THz Radar Imaging (Caltech/JPL): Using our NASA developed source and sensor technologies we have started the first work on THz FMCW radar. In this very exciting program we have designed, fabricating and begun testing a 670 GHz FMCW radar imager that can mechanically scan and 3D reconstruct (using radar ranging) objects between 1 and 25 meters distance with cm resolution in all three dimensions. Since THz waves can pass through many dielectrics, the system is being applied to undergarment threat detection. However significant phenomenologic breakthroughs have already been established through the use of this established technique in this new frequency range. The ultimate goal of the program is to demonstrate near video rate imaging over a modest angular scene scale. The work is being supported by the DoD and most of the instrumentation resides at JPL. Program participants include a number of JPL SWAT team members, particularly Dr. Ken Cooper, Dr. Goutam Chattopadhyay and Mr. Robert Dengler. Other contributors are Dr. Nuria Llombart and Dr. Tomas Bryllert, as well as JPL’s Dr. Imran Mehdi, Dr. Choonsup Lee, Dr. Anders Skalare and Dr. Erich Schlecht.

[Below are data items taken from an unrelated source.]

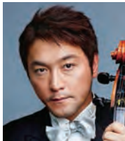
古川 展生 (チェロ) Nobuo Furukawa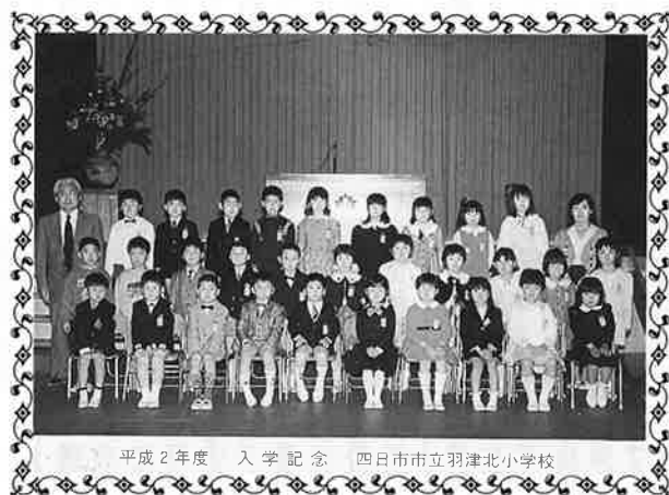
平成2年度 入学記念 四日市市立羽津北小学校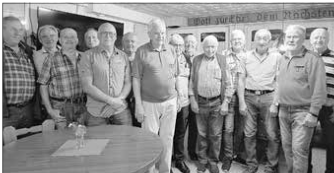
Alte Herren am 18.9.25 in Gerterode

Über rege Beteiligung würden wir uns freuen.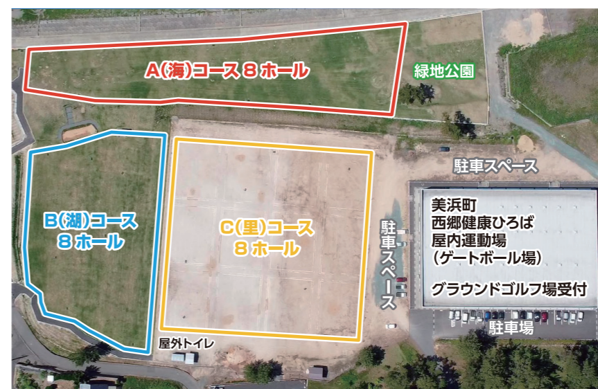
↑美浜町西郷健康ひろばグラウンドゴルフ場の全体図

活動の推進や各種大会の誘致による交流人口の拡大を図っていきます。 ※お問い合わせ先 町教育委員会事務局 (担当・武田) ☎32-6708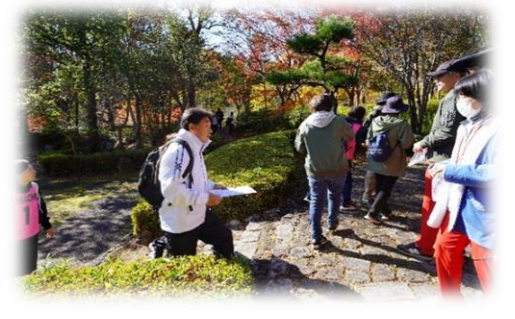
▲重さ予想の様子 50gピッタリを目指して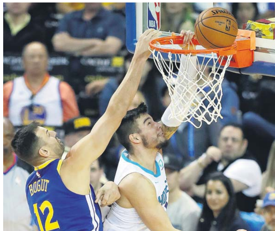
Willy Hernangómez anota ante Andrew Bogut en el Warriors - Hornets.

Esta semana, varios duelos directos apuntan a clave en la lucha por la salvación. Además de los citados Huesca-Celta y Levante-Huesca, el Leganés recibe el jueves al Valladolid, el sábado se juega un derbi catalán entre Espanyol y Girona con ambos tratando de poner tierra de por medio, y el domingo hay un Balaidos un Celta-Real Sociedad con los vigueses tratando de seguir con su escalada desde la vuelta de Iago Aspas y los donostiarres queriendo alejar posibles fantasmas. ●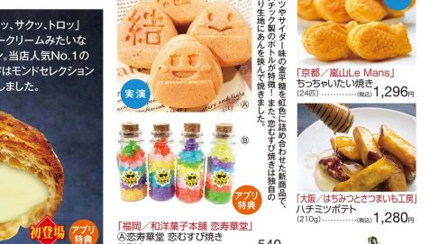
「福岡/和洋菓子本舗 恋寿華堂」 恋恋寿華堂 恋もすび焼き (8個入).....(税込)540円 ③幸せの紅色金平糖ミニオパール (40g).....(税込)1,188円

THz Radar Imaging using Integrated Planar Arrays (Caltech/JPL): Although not yet funded, this program is intended as a follow-on to the radar imaging program already described. In this approach, novel planar array architectures combined with GaAs MMIC transceiver circuitry are envisioned for the realization of phased array transceivers at 300 GHz. Applications go well beyond the security screening field and spill over into multipixel spectrometers for both the space science and biomedical areas. A low level design effort is ongoing as a precursor to future proposal opportunities that may materialize in the coming year. Primary collaborators include the JPL SWAT group, Teledyne - Thousand Oaks and former Caltech postdoctoral Dr. Nuria Llombart (currently at Complutense University of Madrid )

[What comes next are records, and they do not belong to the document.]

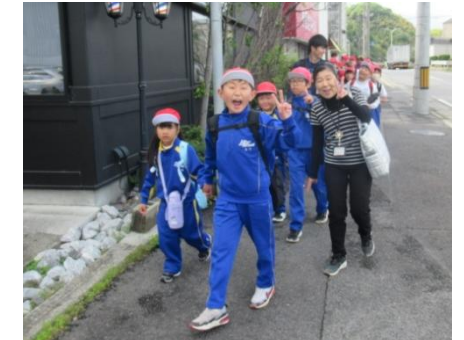
6年生と手をつなぐ1年生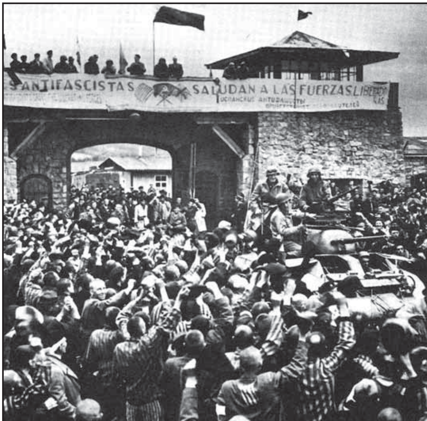
1945. Liberación por las tropas aliadas, de los prisioneros del campo de concentración de Mauthausen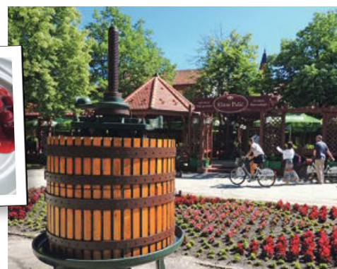
Hrana je odlična, vino prav tako.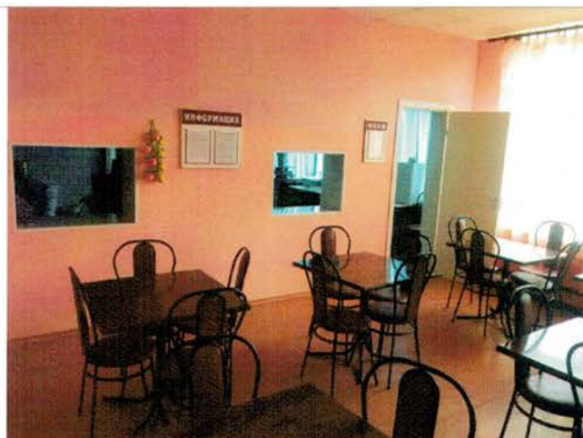
Фото №24 – Зона целевого назначения (посещения). Столовая.

Source and Sensor Development: This ongoing set of tasks has been the core of the JPL SWAT team work for more than 15 years and represents the major thrust of the Earth, planetary and space science applications. A continually evolving set of technical goals and spectroscopic techniques and applications derive from the devices and components that are being developed. These span the frequency range from 100 GHz to 5 THz and include two and three terminal semiconductor devices, passive waveguide and quasi optical components, novel planar and planar array antennas, superconducting detectors, carbon nanotube based sensors and sources, many varieties of upconverter and downconverter circuits and any components that might be critical for achieving a particular instrument goal. The work spans both development and actual delivered flight components, subsystems and instruments. The team works with scientists, engineers and flight systems people to propose, plan, and implement NASA missions and collaborates with space agencies and institutions world wide. The team has so far delivered flight hardware for four major programs including two Earth science, one planetary and one space science mission. Major participants include JPL’s Dr. Imran Mehdi, Dr. Lorene Samoska, Dr. Jonathon Kawamura, Dr. Erich Schlecht, Dr. Goutam Chattopadhyay, Dr. Anders Skalare, Dr. Ken Cooper, Dr. Boris Karasik, Dr. Hamid Javadi, Dr. Andy Fung, Dr. Harish Manohara, Dr. Frank Maiwald, Dr. John Gill, Dr. Choonsup Lee, Dr. Faouzi Boussaha, Dr. Cecile Jung, Dr. Bertrand Thomas, Mr. Robert Dengler, Mr. Robert Lin, Mr. Alex Peralta, Mr. David Pukala, and Mr. Seth Sin.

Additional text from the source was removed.